Castle of Illusion. I remember this level.

It was a very lengthy demo covering two levels with a lot of back-tracking to finish side quests. In fact, I didn’t even finish the demo because I played it right before bed thinking it would be short (like most demos) and had to turn it off because I was getting sleepy! So perhaps there are more levels covered in the demo, I just didn’t get to them. The one thing that stood out the most about Power of Illusion was how Dream Rift used the 3D of the 3DS. There were layers with a background and a foreground (where the action took place). The background was incredibly detailed and was just lovely to look at. The second level seems to be based on Captain Hook’s ship (you rescue characters from Peter Pan in this level too), which I thought was a nice touch as well.

Second level in the demo.

The actual gameplay has your standard jumping and platforming with a double jump (pressing B twice) being required to hurt enemies. But in addition, it has the paint and thinner mechanic from the Epic Mickey games. At certain points in the game, there will be objects you can interact with on the bottom screen. You will be able to form (by painting) an object, like a box to reach higher ground, or you can erase an object that is hindering you. You do this by painting the outline or erasing the object after tapping on it on the bottom screen. Once you enter paint/erase mode, the action on the top screen pauses. It was neat, but it could get a bit weary after the first few times. Still I personally had no problem with this repetitive aspect in the demo. You can also press A to shot paint or thinner at enemies. Later on, you also gain access to additional powers (like a floaty jump from Tinker Bell) through side quests (given to you by the characters you rescue). Some side quests are very easy to complete, others take a bit more effort.

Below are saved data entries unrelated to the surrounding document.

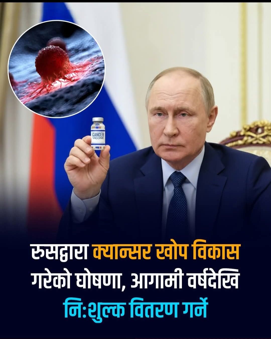 ३ बर्ष देखि युक्रेन र पश्चिमा शक्तिसँगको अघोषित युद्धको चपेटामा परेपनि आधुनिक चिकित्सा क्षेत्रमा क्यान्सर रोग प्रतिरोधात्मक खोपको आविष्कारले बिश्वका शक्तिशाली मुलुक पनि झस्किएका छन् ।रुसको प्रगतिशील बिकास र कामले।
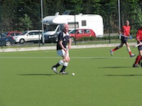 ... England have switched the ball and Ron Fraser sets up for the save, with Peter Ross ready to pounce for England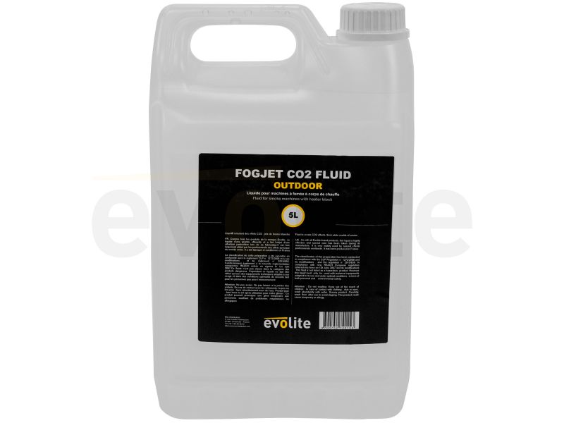 Evolite FogJet Co2 Fluid Outdoor 5L - Professional fluid for Co2 machines. Fast-evaporating opaque white smoke, made in France and NF/CE certified, ideal for outdoor events.evolite FogJet Co2 Fluid outdoor 5LCan of liquid for Co2 fog machine5 litre format...
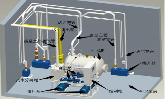 用于市政污水收集的真空排水系统,包括真空集水单元、真空管道系统、真空泵站和控制系统,来自各排水单位的污水通过重力自流进入真空集水单元中的集水箱,通过设置在集水箱上的真空阀进入真空管道系统,然后进入真空泵站内的气水罐,气水罐顶部连接真空泵,通过真空泵抽气气水罐上部的空气,气水罐底部连接排水泵,通过排水泵将进入气水罐中的污水排出。在真空管道系统连接真空集水单元的真空管道末梢设置排空管并控制排空管的补气,以降低在真空管网末梢维持较高真空度的需求,从而取消或降低系统内设置大型真空储能装置的需求以及取消或降低真空储水罐下沉安装的需求。控制系统包括就近设置的真空集水单元PLC控制柜和真空泵站PLC控制柜以及中央控制台,各真空集水单元PLC控制柜和真空泵站PLC通过通讯线路与中央控制台连接,中央控制台与互联网连接。对真空排水系统的控制包括优先度依次降低的三种方式,即现场手动控制、中央控制台手动控制和PLC程序控制,操控人员可与中央控制台进行数据通讯并远程操控真空排水系统的运行。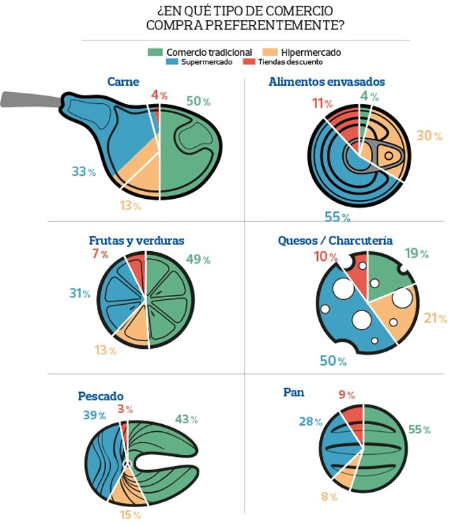 Del informe sobre lo que los consumidores valoran al hacer la compra de productos de alimentación y droguería, también es interesante destacar que los criterios han cambiado en los últimos cuatro años, en la anterior encuesta se valoraba más el precio y el ahorro, mientras que actualmente se valora más el producto fresco de calidad y la variedad. En consecuencia, también hay que señalar que los comercios tradicionales y los mercados de abastos no han perdido tanto como se pensaba, en parte, a causa de la crisis y de la fuerte competencia de las cadenas de supermercados, hipermercados y tiendas descuento.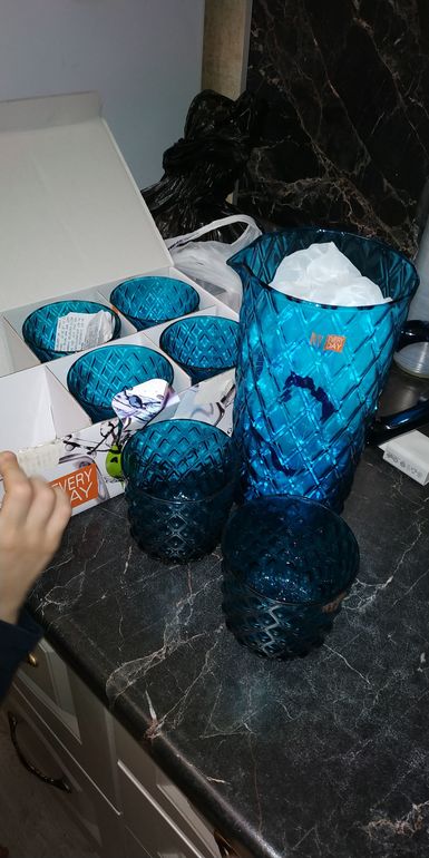 Был ещё такой же графин с уценкой, но чуть дороже моего, черный без уценки. Красные стаканы высокие низкие, бирюзовые низкие - без уценки
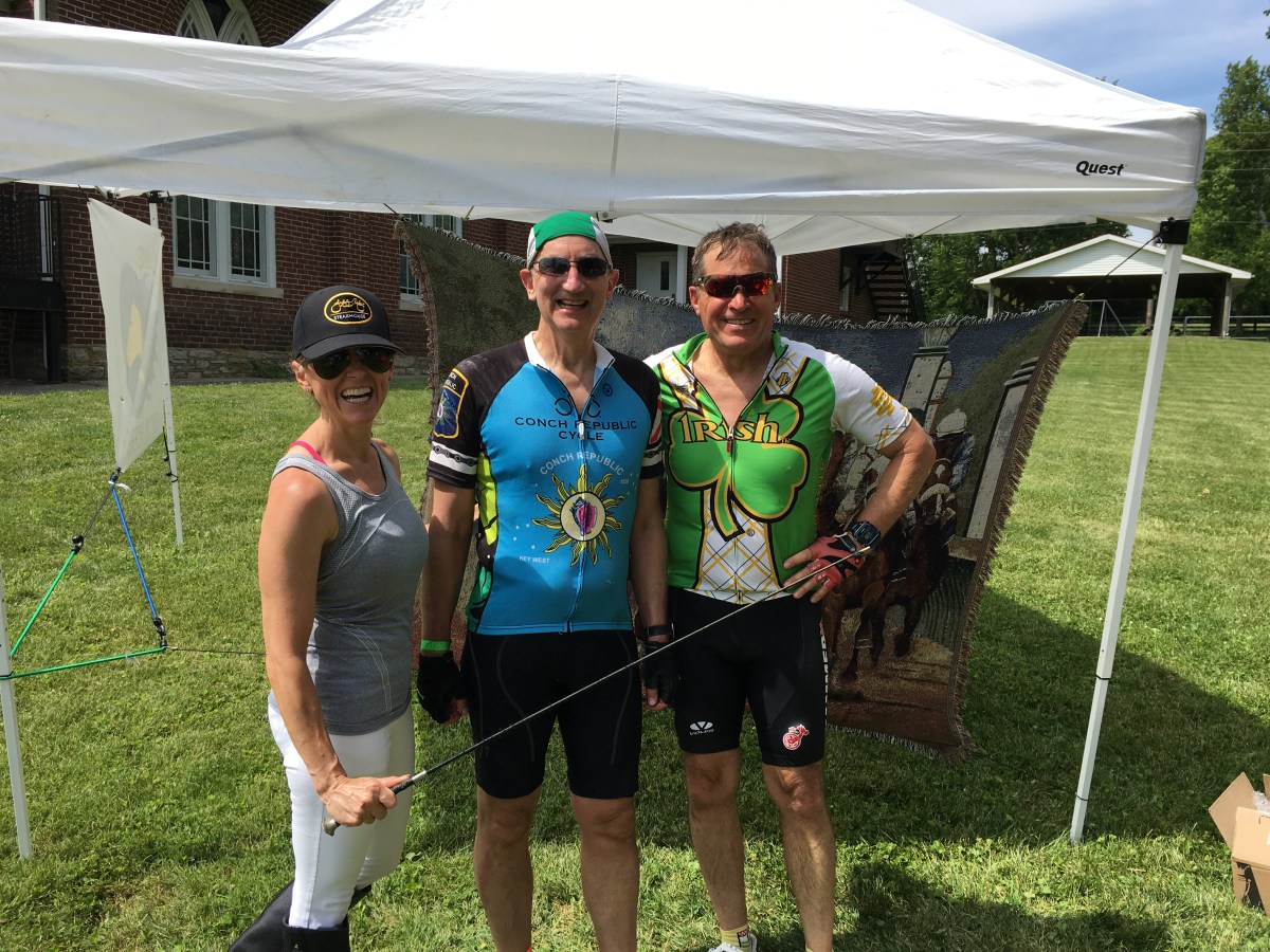Mike and Glen getting our pins for completing the 100 miles.

All in all, the game wasn’t very difficult, but these are probably early levels. Also, if you want to do all the side quests, you do need to think a little about what powers to use and when since some characters and items are located in harder to reach places. It’s a very solid game if the demo is anything to go by and I think it will be a great platformer. It’s not as unique as I thought it would be (since the drawing mechanic has already been done in Drawn to Life), but regardless, I enjoyed it and will definitely be keeping an eye on the retail release. Being somewhat of a Disney fan as well, the Disney locations and characters were also a big plus in my books. It looks like I can finally pick up a licensed game again without worrying that it will be horrible. =)

Anyone else tried the demo? What did you think of it? Has anyone tried the first Epic Mickey game? How was it?